The Latin alphabet isn't nuanced enough to be phonetic
Well, it sort of is. It's only when it's extrapolated beyond the language family that it arose from that there can be problems. English has a bunch of extra vowels but introduced neither the characters nor the diacritics nor even consistent spelling conventions to denote them. But the Latin alphabet works fine for languages that either are romantic to begin with or adapted the characters more comprehensively. It works fine for words of Japanese origin too, since by the phoneme list is pretty short and, by happenstance, pretty similar. But I guess people who don't know much about the alphabet outside of one language where it's poorly used aren't really familiar with the normal use of the letters.

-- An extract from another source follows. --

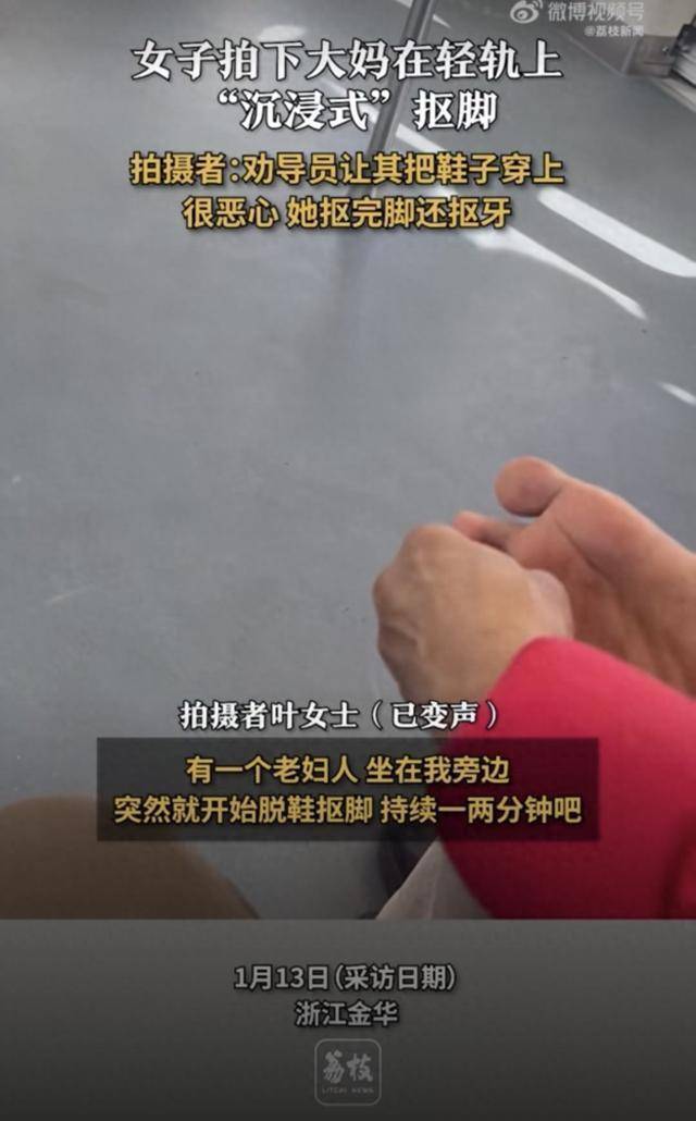 近日开yun体育网,浙江金华,网友发布视频,轻轨上目睹大妈“千里浸式”抠脚。当事东说念主叶女士称,我方在旁目睹,过了一会劝导员过来,请她穿上了袜子,其后她抠完脚还抠牙,敕令世界平淡细心卫生,不要把陈规带到地铁上。

It isn't really. Think of the British "banana" vs an extremely American nasally "banana". Those are phonetically distinct. The same two dialects however don't apply this phonetic difference unformly. e.g. the way "car" is pronounced in Britain and America doesn't follow the same pattern. So which actual phoneme is represented by Latin "a" in British English vs American English is arbitrary convention. The alphabet doesn't convey that information by itself, so it's not a phonetic alphabet.

And no it doesn't "sort of" do it. Because a "phonetic alphabet" has a specific meaning in linguistics. Latin is not one. It's just an "alphabet". The whole point of the prefix "phonetic" is to make this distinction.
« Last Edit: September 22, 2017, 08:02:44 pm by Reelya »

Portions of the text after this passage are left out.